+++ Data in this exercise

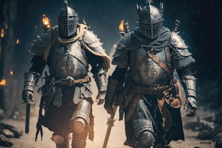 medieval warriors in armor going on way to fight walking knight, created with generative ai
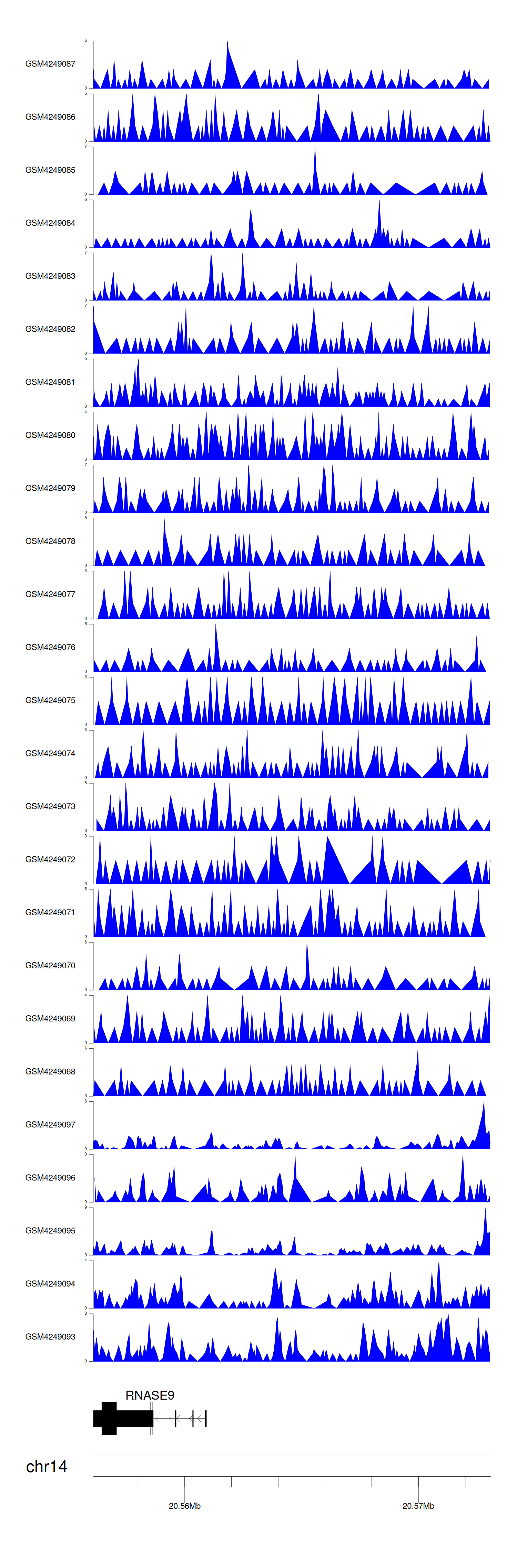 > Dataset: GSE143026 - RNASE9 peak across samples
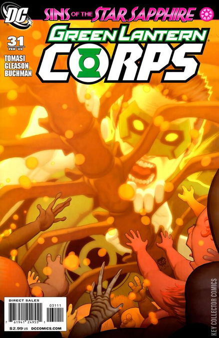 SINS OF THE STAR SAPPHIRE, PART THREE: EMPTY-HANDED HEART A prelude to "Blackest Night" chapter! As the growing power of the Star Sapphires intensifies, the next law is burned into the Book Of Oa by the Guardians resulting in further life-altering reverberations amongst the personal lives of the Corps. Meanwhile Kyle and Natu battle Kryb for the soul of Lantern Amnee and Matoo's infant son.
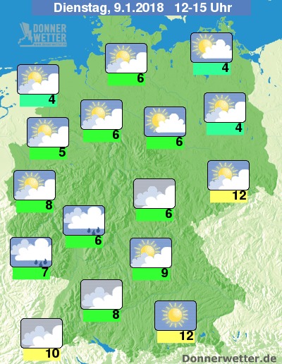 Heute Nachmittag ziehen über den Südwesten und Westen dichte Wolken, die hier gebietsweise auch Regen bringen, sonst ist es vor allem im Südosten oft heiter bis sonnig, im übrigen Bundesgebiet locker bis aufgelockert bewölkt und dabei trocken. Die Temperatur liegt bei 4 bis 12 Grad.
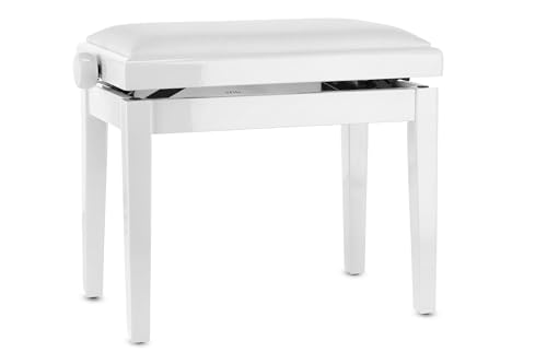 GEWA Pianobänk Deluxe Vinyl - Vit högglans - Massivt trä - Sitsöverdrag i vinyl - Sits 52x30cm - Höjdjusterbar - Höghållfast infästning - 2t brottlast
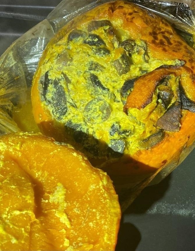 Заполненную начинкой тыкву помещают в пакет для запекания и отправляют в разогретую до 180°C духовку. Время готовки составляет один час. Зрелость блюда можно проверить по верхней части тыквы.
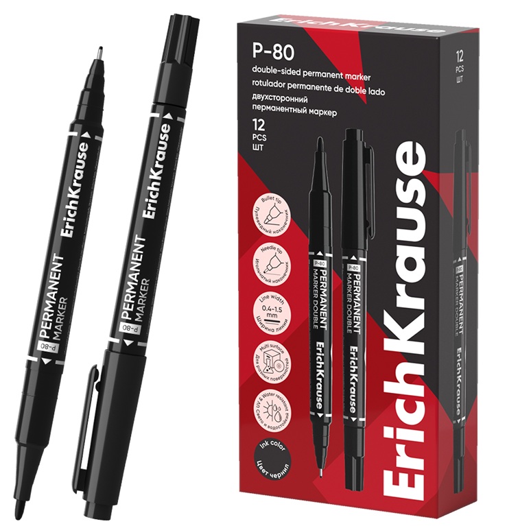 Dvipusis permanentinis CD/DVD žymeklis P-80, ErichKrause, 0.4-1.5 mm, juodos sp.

++++++

▶ The task
All that is needed is the exact run of lines from the start of the material above through the one containing "SINS OF THE", pictures left out.

▶ Worked solution
 medieval warriors in armor going on way to fight walking knight, created with generative ai
 > Dataset: GSE143026 - RNASE9 peak across samples
 SINS OF THE STAR SAPPHIRE, PART THREE: EMPTY-HANDED HEART A prelude to "Blackest Night" chapter! As the growing power of the Star Sapphires intensifies, the next law is burned into the Book Of Oa by the Guardians resulting in further life-altering reverberations amongst the personal lives of the Corps. Meanwhile Kyle and Natu battle Kryb for the soul of Lantern Amnee and Matoo's infant son.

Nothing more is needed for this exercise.